§ **Assignment**
Copy every line of the data below exactly as given, except for the pictures.

§ **Records for the exercise**
::::::::::
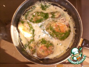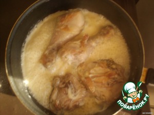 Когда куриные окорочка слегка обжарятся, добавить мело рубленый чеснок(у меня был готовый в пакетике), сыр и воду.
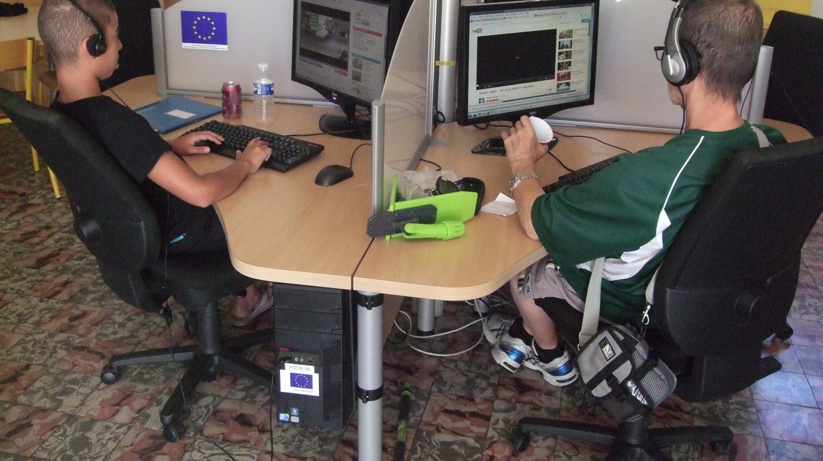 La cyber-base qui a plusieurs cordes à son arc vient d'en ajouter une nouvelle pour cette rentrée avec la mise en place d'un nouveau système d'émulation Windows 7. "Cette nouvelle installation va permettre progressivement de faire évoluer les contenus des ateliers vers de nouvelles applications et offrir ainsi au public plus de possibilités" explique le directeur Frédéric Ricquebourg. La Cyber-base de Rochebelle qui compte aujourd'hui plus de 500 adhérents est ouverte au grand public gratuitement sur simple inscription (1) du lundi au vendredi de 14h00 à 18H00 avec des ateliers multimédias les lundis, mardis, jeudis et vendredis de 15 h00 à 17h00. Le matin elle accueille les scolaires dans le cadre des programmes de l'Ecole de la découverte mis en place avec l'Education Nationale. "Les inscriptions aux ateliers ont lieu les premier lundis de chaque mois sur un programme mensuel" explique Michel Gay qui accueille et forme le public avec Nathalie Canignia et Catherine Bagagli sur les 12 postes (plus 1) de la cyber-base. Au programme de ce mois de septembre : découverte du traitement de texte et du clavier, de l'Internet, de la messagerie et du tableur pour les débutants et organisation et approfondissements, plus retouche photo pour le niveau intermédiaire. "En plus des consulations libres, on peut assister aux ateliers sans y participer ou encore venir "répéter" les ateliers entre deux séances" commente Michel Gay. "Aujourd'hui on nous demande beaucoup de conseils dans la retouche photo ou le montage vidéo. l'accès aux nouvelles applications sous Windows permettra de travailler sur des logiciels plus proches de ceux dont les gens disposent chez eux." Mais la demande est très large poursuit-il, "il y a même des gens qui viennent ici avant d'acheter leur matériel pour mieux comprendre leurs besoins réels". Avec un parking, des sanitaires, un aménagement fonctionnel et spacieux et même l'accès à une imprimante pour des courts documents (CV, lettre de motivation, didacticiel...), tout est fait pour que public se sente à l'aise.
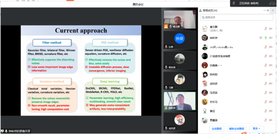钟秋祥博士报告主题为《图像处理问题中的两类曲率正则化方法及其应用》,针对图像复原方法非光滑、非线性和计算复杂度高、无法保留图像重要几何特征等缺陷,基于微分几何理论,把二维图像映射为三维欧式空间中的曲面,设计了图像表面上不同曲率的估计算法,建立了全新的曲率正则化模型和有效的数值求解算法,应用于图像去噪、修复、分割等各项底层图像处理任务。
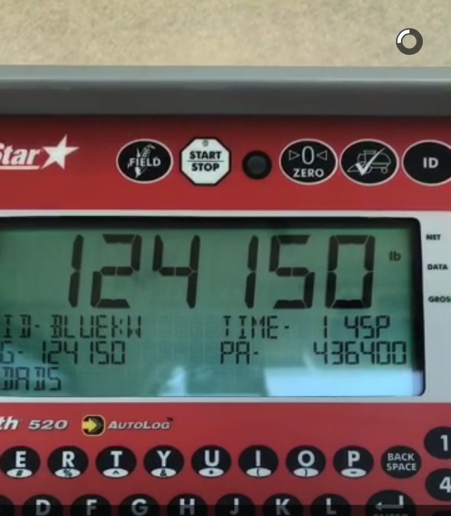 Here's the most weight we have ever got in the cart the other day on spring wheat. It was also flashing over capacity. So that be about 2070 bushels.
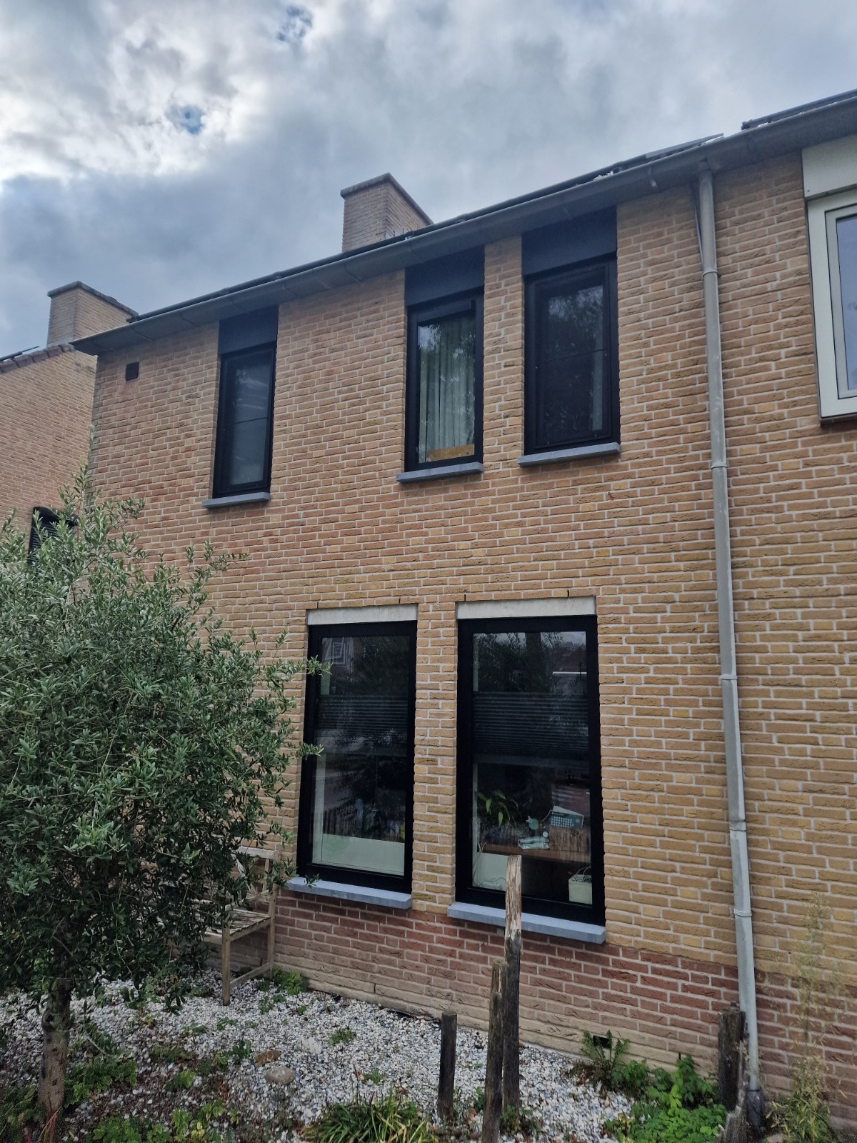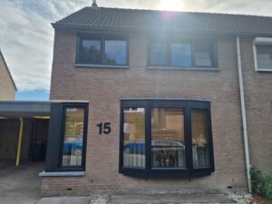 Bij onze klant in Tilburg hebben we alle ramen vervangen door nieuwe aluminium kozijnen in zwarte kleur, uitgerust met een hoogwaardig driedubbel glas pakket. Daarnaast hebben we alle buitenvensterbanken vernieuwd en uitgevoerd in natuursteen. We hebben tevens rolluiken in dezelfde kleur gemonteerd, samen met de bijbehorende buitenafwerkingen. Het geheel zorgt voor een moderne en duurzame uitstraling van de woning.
::::::::::
§ **The completed task**
 Когда куриные окорочка слегка обжарятся, добавить мело рубленый чеснок(у меня был готовый в пакетике), сыр и воду.
 La cyber-base qui a plusieurs cordes à son arc vient d'en ajouter une nouvelle pour cette rentrée avec la mise en place d'un nouveau système d'émulation Windows 7. "Cette nouvelle installation va permettre progressivement de faire évoluer les contenus des ateliers vers de nouvelles applications et offrir ainsi au public plus de possibilités" explique le directeur Frédéric Ricquebourg. La Cyber-base de Rochebelle qui compte aujourd'hui plus de 500 adhérents est ouverte au grand public gratuitement sur simple inscription (1) du lundi au vendredi de 14h00 à 18H00 avec des ateliers multimédias les lundis, mardis, jeudis et vendredis de 15 h00 à 17h00. Le matin elle accueille les scolaires dans le cadre des programmes de l'Ecole de la découverte mis en place avec l'Education Nationale. "Les inscriptions aux ateliers ont lieu les premier lundis de chaque mois sur un programme mensuel" explique Michel Gay qui accueille et forme le public avec Nathalie Canignia et Catherine Bagagli sur les 12 postes (plus 1) de la cyber-base. Au programme de ce mois de septembre : découverte du traitement de texte et du clavier, de l'Internet, de la messagerie et du tableur pour les débutants et organisation et approfondissements, plus retouche photo pour le niveau intermédiaire. "En plus des consulations libres, on peut assister aux ateliers sans y participer ou encore venir "répéter" les ateliers entre deux séances" commente Michel Gay. "Aujourd'hui on nous demande beaucoup de conseils dans la retouche photo ou le montage vidéo. l'accès aux nouvelles applications sous Windows permettra de travailler sur des logiciels plus proches de ceux dont les gens disposent chez eux." Mais la demande est très large poursuit-il, "il y a même des gens qui viennent ici avant d'acheter leur matériel pour mieux comprendre leurs besoins réels". Avec un parking, des sanitaires, un aménagement fonctionnel et spacieux et même l'accès à une imprimante pour des courts documents (CV, lettre de motivation, didacticiel...), tout est fait pour que public se sente à l'aise.
钟秋祥博士报告主题为《图像处理问题中的两类曲率正则化方法及其应用》,针对图像复原方法非光滑、非线性和计算复杂度高、无法保留图像重要几何特征等缺陷,基于微分几何理论,把二维图像映射为三维欧式空间中的曲面,设计了图像表面上不同曲率的估计算法,建立了全新的曲率正则化模型和有效的数值求解算法,应用于图像去噪、修复、分割等各项底层图像处理任务。
 Here's the most weight we have ever got in the cart the other day on spring wheat. It was also flashing over capacity. So that be about 2070 bushels.
 Bij onze klant in Tilburg hebben we alle ramen vervangen door nieuwe aluminium kozijnen in zwarte kleur, uitgerust met een hoogwaardig driedubbel glas pakket. Daarnaast hebben we alle buitenvensterbanken vernieuwd en uitgevoerd in natuursteen. We hebben tevens rolluiken in dezelfde kleur gemonteerd, samen met de bijbehorende buitenafwerkingen. Het geheel zorgt voor een moderne en duurzame uitstraling van de woning.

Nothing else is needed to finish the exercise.